* Exercise requirements: All that is needed is the line containing "フロントポケット付きのグレーのトレーナー、Northern Hills 2018の刺繍入り。" and the lines after it to the end of the material, written out exactly, pictures left aside.
*** Begin section ***
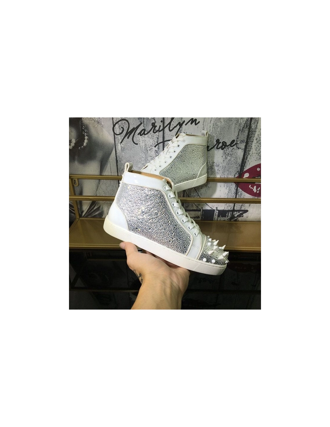 Christian Louboutin Lou Pik Pik Strass High-Top Sneakers Calfskin White place the spotlight on strass and spikes, resulting in a contemporary graphic look. The diamant¨¦-decorated vamp is finished with calf leather inserts on the counter and sides. A creative, beautifully trimmed with delicate finishes and discreet golden topstitching.
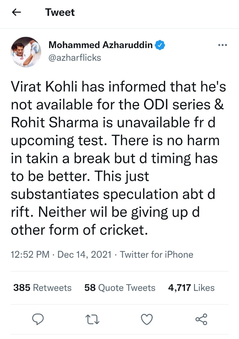 ODI skipper Rohit Sharma injured, to skip Tests in South Africa;
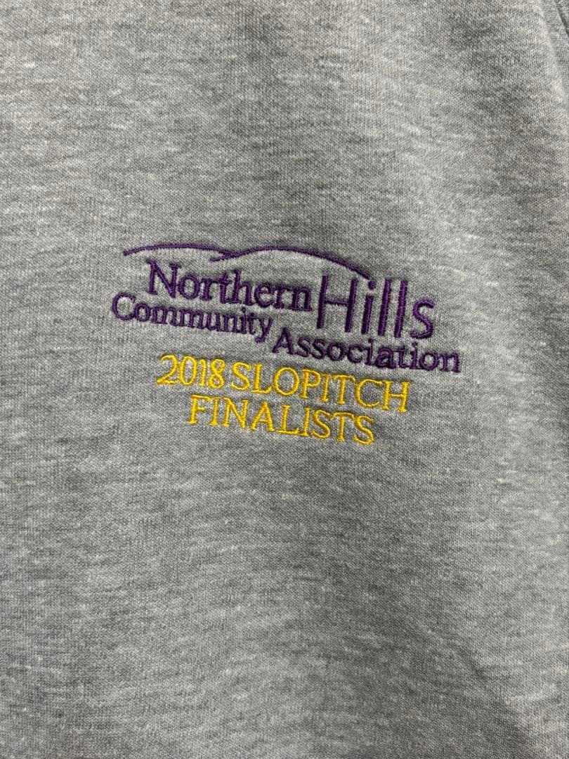フロントポケット付きのグレーのトレーナー、Northern Hills 2018の刺繍入り。
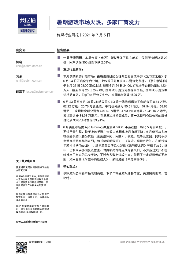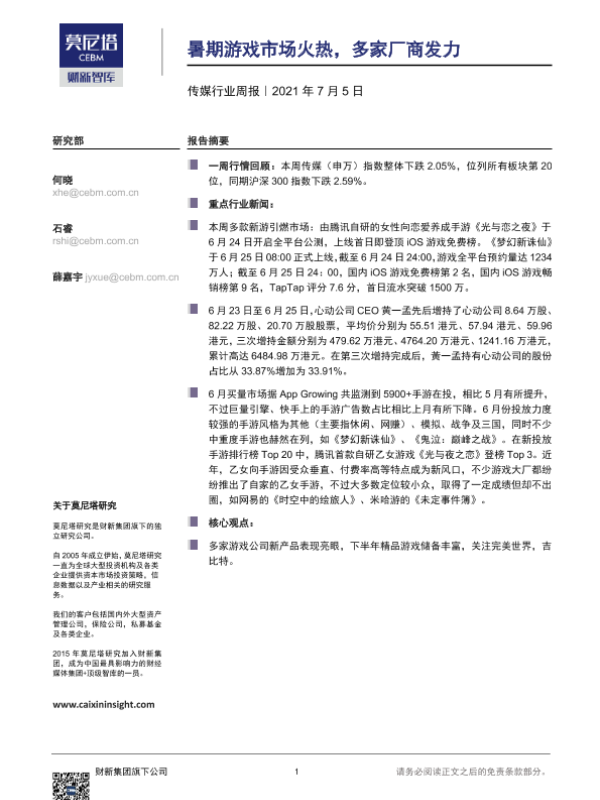 【莫尼塔研究】【20210705】20210705-莫尼塔投资-传媒行业周报:暑期游戏市场火热,多家厂商发力-8页
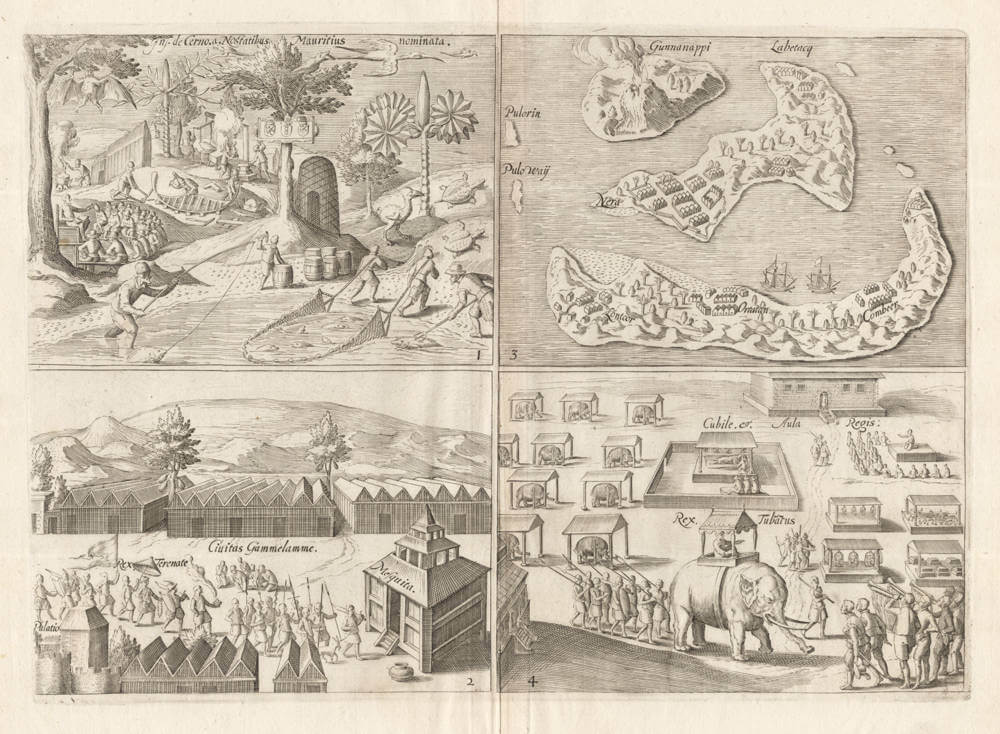 The image is a mirror copy of the same view in van Neck's Journal of the second fleet, and is famous for being the first depiction of the soon extinct Dodo bird.
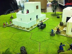 We decided to run the “capture the Governors daughter” scenario as a starter for 10. Roger picked his crew and set about his dastardly attack on the Governors mansion. After making good headway and killing off some of the outlying guards he became unstuck by his inability to hit the side of a barn from 10 paces. This coupled with a rather unbelievably staunch defence by the sergeant of the guard saw the captain and the remainder of his crew scurrying back to his pirate hideout.
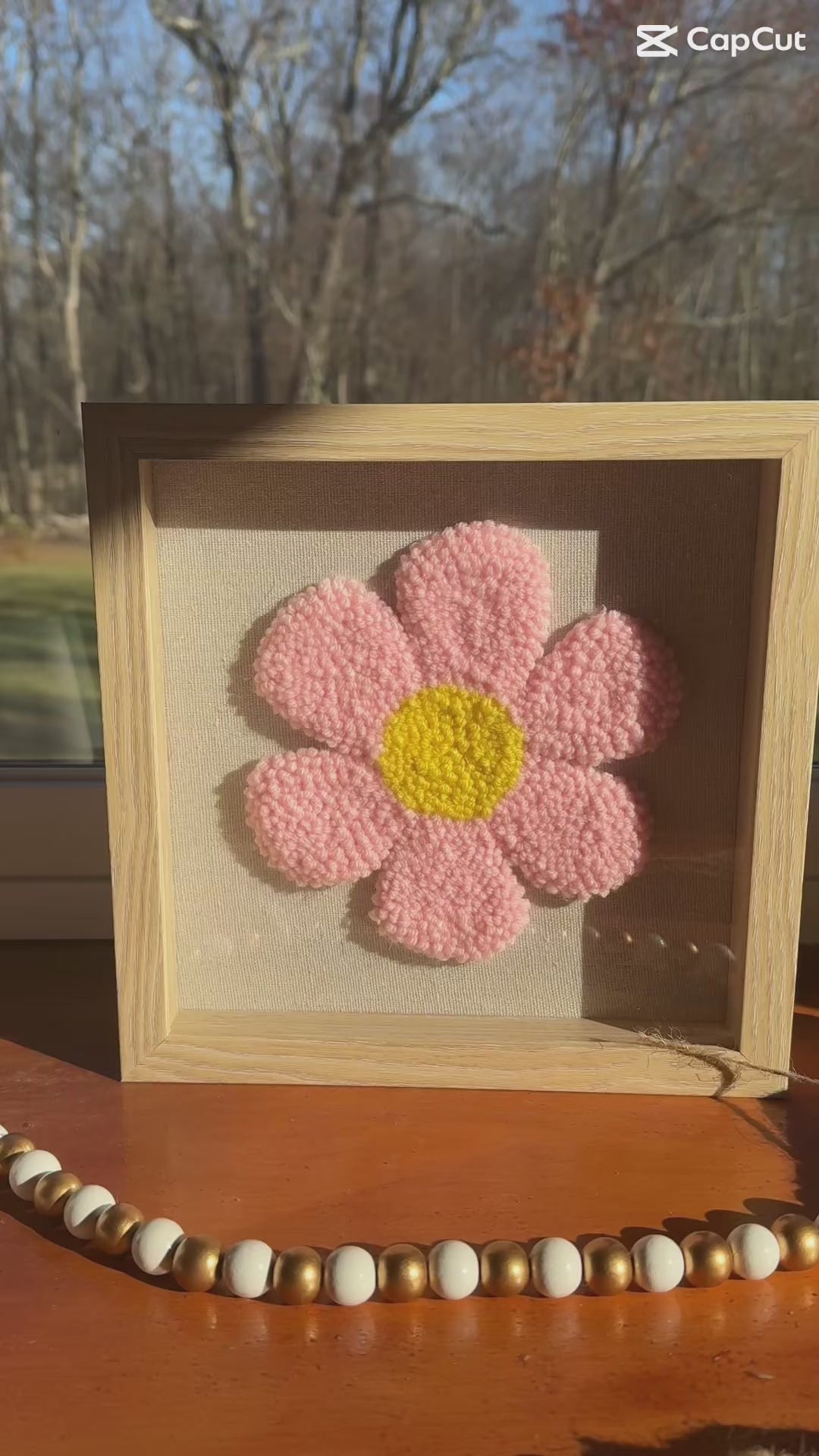 This handmade punch needle daisy is created with soft yarn and carefully glued onto a neutral fabric background, then framed in natural wood.
*** End section ***
* Response to the task:
フロントポケット付きのグレーのトレーナー、Northern Hills 2018の刺繍入り。
 【莫尼塔研究】【20210705】20210705-莫尼塔投资-传媒行业周报:暑期游戏市场火热,多家厂商发力-8页
 The image is a mirror copy of the same view in van Neck's Journal of the second fleet, and is famous for being the first depiction of the soon extinct Dodo bird.
 We decided to run the “capture the Governors daughter” scenario as a starter for 10. Roger picked his crew and set about his dastardly attack on the Governors mansion. After making good headway and killing off some of the outlying guards he became unstuck by his inability to hit the side of a barn from 10 paces. This coupled with a rather unbelievably staunch defence by the sergeant of the guard saw the captain and the remainder of his crew scurrying back to his pirate hideout.
 This handmade punch needle daisy is created with soft yarn and carefully glued onto a neutral fabric background, then framed in natural wood.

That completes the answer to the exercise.